To act on an observation like this came naturally to Volvo. The safety mindset has been part of Volvo’s company culture since the beginning. In 1936, Volvo’s founders presented their sales handbook, containing one of the company’s best-known statements, “An automobile is driven by people. The fundamental principle for all construction work is and must therefore be, safety.”

The focus was placed on making sure that every part of every Volvo was designed to be as safe as possible. Safety initiatives took various forms – for example, as far back as the company’s early years in the late 1920s, Volvo was already testing brakes on every wheel of its vehicles.

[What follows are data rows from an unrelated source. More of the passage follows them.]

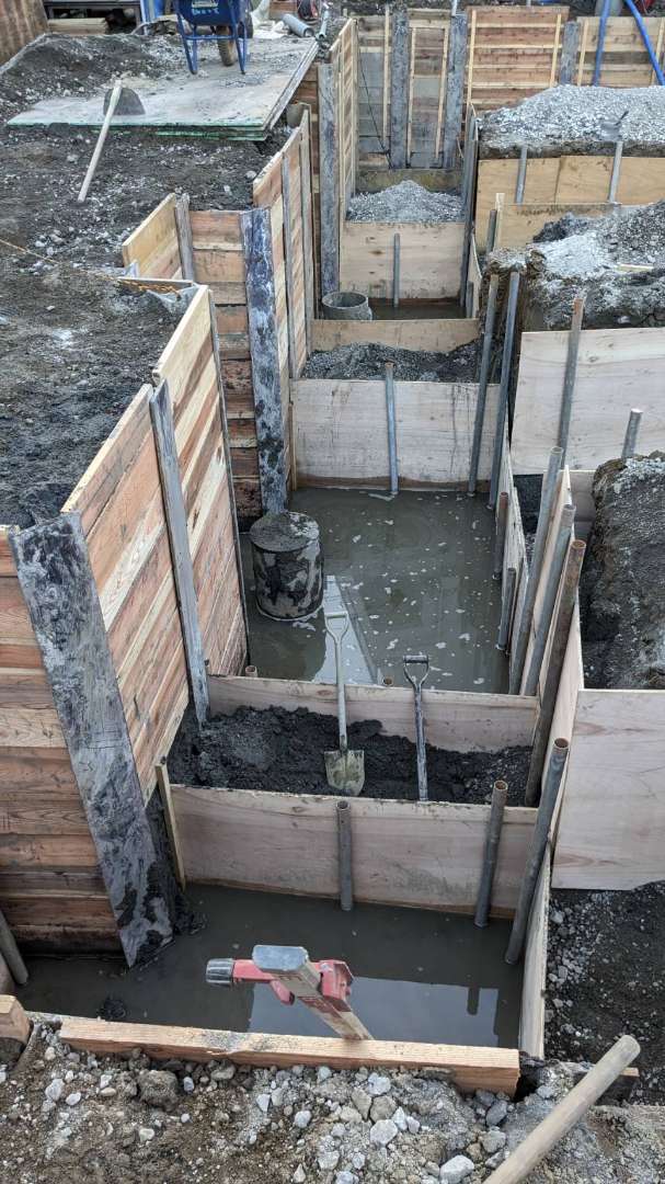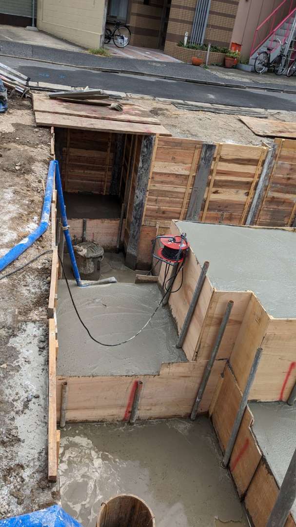 前面道路が狭く、深い根切で、おまけに水位が高く、掘削をすると湧くように水が出る敷地での土工事です。
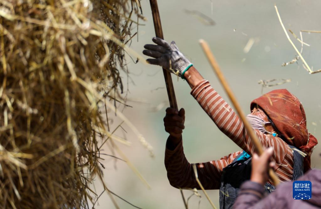 9月21日,拉薩市林周縣江熱夏鄉(xiāng)江夏村的村民在揚場。新華社記者 覺果 攝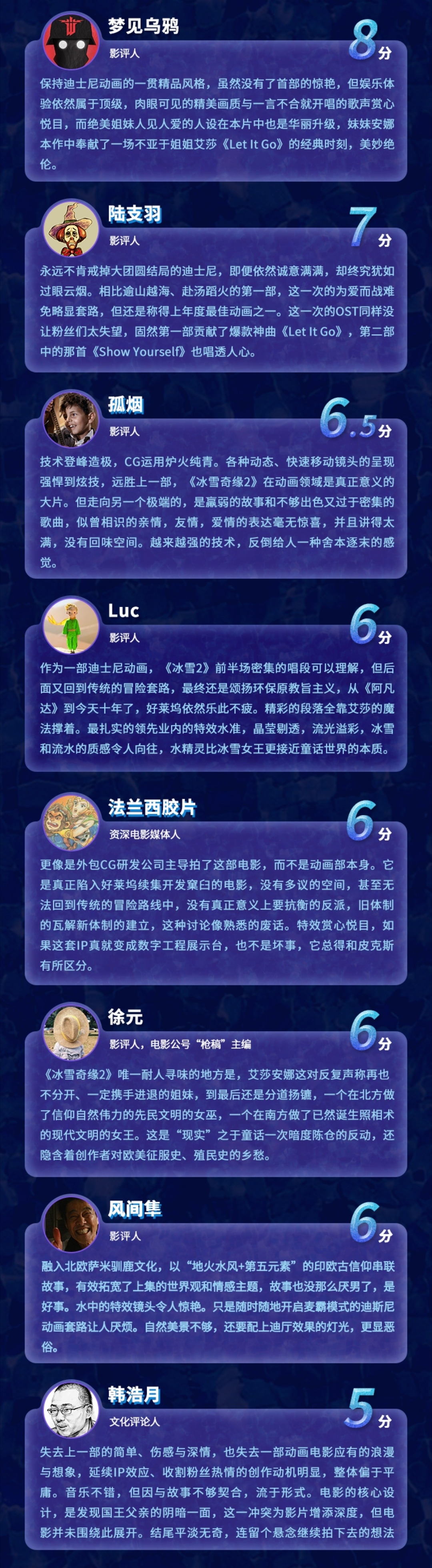“奇爱博士讲电影”责任主编,独立戏剧人耳朵为电影打出7分。他认为《冰雪奇缘2》是标准的迪士尼公主作品,完美无瑕世界观,大型音乐魔幻MV现场,最后加上触动G点的大女主结尾。虽然很无聊,但观众就是很吃迪士尼这一套。

But perhaps the most important Volvo innovation is the seatbelt. Seatbelts for vehicles had been in use, in one form or another since the mid-19th century. Early versions – like those across laps – helped to keep passengers safe, but there was always room for improvement. Then, in the 1950s, a new safety belt prototype was presented to Volvo. It was handed to engineer Nils Bohlin, who perfected it – and before long, the three-point safety belt was standard in all Volvos. But this was only the beginning.

From Volvo to the world

Bohlin’s version of the seatbelt – according to its patent, “effectively, and in a physiologically favorable manner, prevents the body of the strapped person being thrown forward,” – was effectively gifted to the rest of the industry, and therefore the rest of the world to use, without payment or claims. You can now find it in the majority of vehicles, old and new, regardless of the manufacturer, and its use is enshrined in law around the globe.

Volvo’s long-term vision of reducing accidents involving Volvo vehicles to zero guides the company into the future, with a stream of totally new safety priorities to address. Not least when it comes to groundbreaking technologies like self-driving vehicles – maybe the safest vehicle of the future will have no safety belt at all?

Buckled up or not, one thing is for sure, safety was and always will be Volvo’s number one priority.